Extracted data:

= = = = =

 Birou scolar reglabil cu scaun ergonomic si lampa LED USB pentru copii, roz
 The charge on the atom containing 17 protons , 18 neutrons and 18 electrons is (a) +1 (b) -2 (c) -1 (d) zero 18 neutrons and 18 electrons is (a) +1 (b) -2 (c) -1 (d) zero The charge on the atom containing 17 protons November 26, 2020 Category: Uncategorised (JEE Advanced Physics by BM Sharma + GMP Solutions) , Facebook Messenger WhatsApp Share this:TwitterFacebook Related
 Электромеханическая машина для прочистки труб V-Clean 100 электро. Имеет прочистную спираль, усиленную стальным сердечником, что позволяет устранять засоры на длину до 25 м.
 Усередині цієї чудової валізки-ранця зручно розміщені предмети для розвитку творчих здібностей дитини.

= = = = =

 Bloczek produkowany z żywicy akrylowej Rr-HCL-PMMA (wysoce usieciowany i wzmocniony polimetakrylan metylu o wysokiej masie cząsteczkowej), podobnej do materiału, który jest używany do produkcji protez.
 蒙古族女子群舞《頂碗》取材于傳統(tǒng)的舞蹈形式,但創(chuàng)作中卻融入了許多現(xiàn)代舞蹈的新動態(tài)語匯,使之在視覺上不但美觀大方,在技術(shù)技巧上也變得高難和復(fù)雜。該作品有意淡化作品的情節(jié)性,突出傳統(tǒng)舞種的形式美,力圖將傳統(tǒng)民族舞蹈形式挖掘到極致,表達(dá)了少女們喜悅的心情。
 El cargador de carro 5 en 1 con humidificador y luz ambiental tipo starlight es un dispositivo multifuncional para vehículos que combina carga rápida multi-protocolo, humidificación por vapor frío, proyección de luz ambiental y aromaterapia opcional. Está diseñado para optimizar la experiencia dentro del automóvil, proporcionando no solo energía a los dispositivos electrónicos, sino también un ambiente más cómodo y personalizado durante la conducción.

= = = = =

Give the exact lines, and only those, from the line containing "Birou scolar reglabil" through the line containing "Усередині цієї чудової" in the entries above.

 Birou scolar reglabil cu scaun ergonomic si lampa LED USB pentru copii, roz
 The charge on the atom containing 17 protons , 18 neutrons and 18 electrons is (a) +1 (b) -2 (c) -1 (d) zero 18 neutrons and 18 electrons is (a) +1 (b) -2 (c) -1 (d) zero The charge on the atom containing 17 protons November 26, 2020 Category: Uncategorised (JEE Advanced Physics by BM Sharma + GMP Solutions) , Facebook Messenger WhatsApp Share this:TwitterFacebook Related
 Электромеханическая машина для прочистки труб V-Clean 100 электро. Имеет прочистную спираль, усиленную стальным сердечником, что позволяет устранять засоры на длину до 25 м.
 Усередині цієї чудової валізки-ранця зручно розміщені предмети для розвитку творчих здібностей дитини.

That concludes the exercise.